A pandas rolling window operates on ordered rows within a DataFrame: it looks back N rows per device and computes statistics over that sliding window. A CrateDB DATE_BIN aggregate groups readings into fixed calendar windows (e.g., one-hour buckets) and computes statistics over all readings in each bucket. The pandas approach requires loading all raw readings into memory first; the CrateDB approach returns one pre-aggregated row per device per time window, which is compact enough to pass directly to a model without any further transformation in Python.

Install the crate and sqlalchemy packages, then create a SQLAlchemy engine pointing at your CrateDB instance: create_engine("crate://localhost:4200") for a local or Docker deployment, or create_engine("crate://admin:{password}@{cluster}.cratedb.net:4200") for CrateDB Cloud. Pass the feature engineering SQL query to pandas.read_sql(sql, engine) and the result is a DataFrame with one pre-aggregated feature row per device per time window, ready for train_test_split and model.fit() with no additional transformation.

CrateDB distributes the aggregation across shards before returning results to the client.
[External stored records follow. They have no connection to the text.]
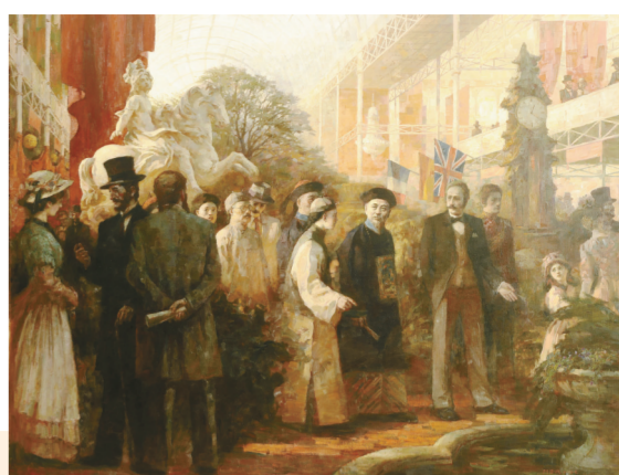
郭嵩焘出使英国(油画) 300厘米×238厘米 门简成
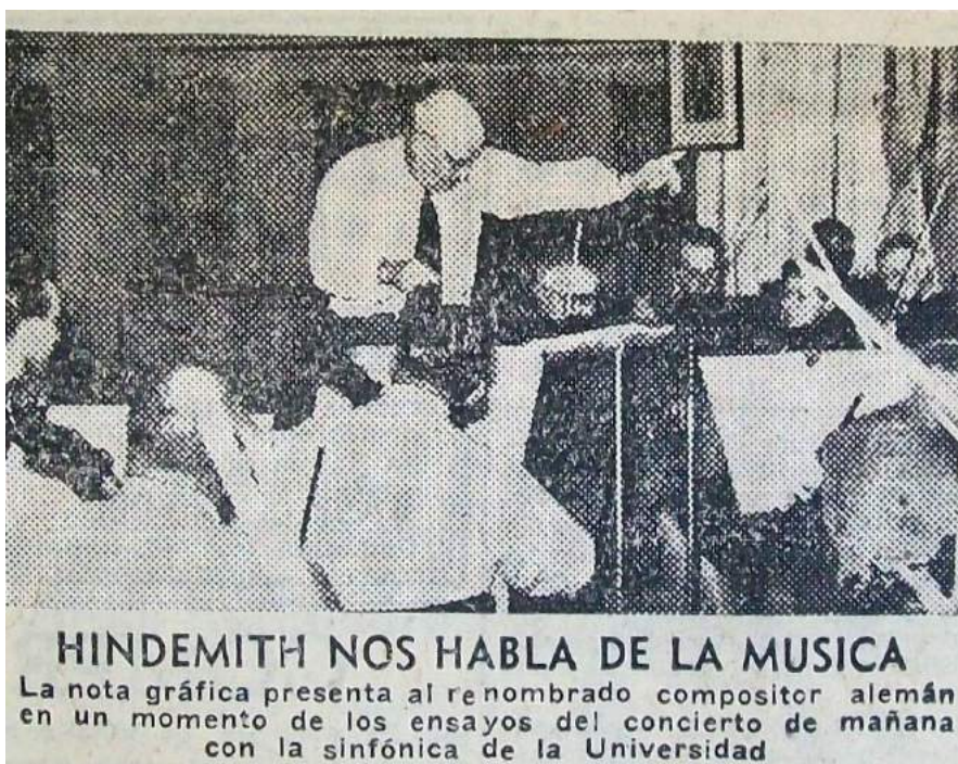
Imagen 5. Diario Los Andes , 6-X-1954. p. 5.

Antes del concierto, en un acto especial del que participaron autoridades provinciales y universitarias, le otorgaron el título de ‘Miembro Honorario’ del Instituto de Estudios Musicales de la Facultad de Filosofía y Letras de la Universidad Nacional de Cuyo. 31
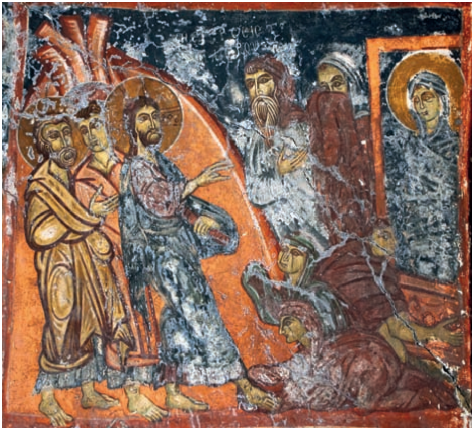
Abb. 148: Kadros, Panagia. Erweckung des Lazarus
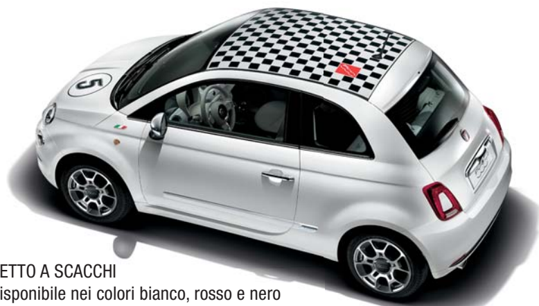
TETTO A SCACCHI disponibile nei colori bianco, rosso e nero

Sticker carrozzeria, key cover per le chiavi, badge laterali, make-up holder, cerchi: chi vuole esprimere la propria fantasia ha a disposizione tutto quello che desidera per mettere la propria firma su un oggetto di design e renderlo un vero pezzo unico.

For a 500-device dataset with hourly readings over 90 days, the raw data contains millions of individual sensor readings. The DATE_BIN + GROUP BY query computes averages, standard deviations, and fault rates for each device-hour window inside the database, returning roughly 1,080,000 compact rows (500 devices × 24 hours × 90 days) rather than transferring millions of raw rows to Python for in-memory processing. The aggregation work happens where the data lives, not in the application layer.

The query uses MAX(CASE WHEN status IN ('warning', 'critical') THEN 1 ELSE 0 END) AS had_fault as the training target. This produces 1 for any device-hour window that contained at least one reading in warning or critical status, and 0 for windows where all readings were healthy. The model learns to predict fault-incoming windows from the feature columns (metric_mean, metric_std, quality_mean, fault_rate) computed in the same query.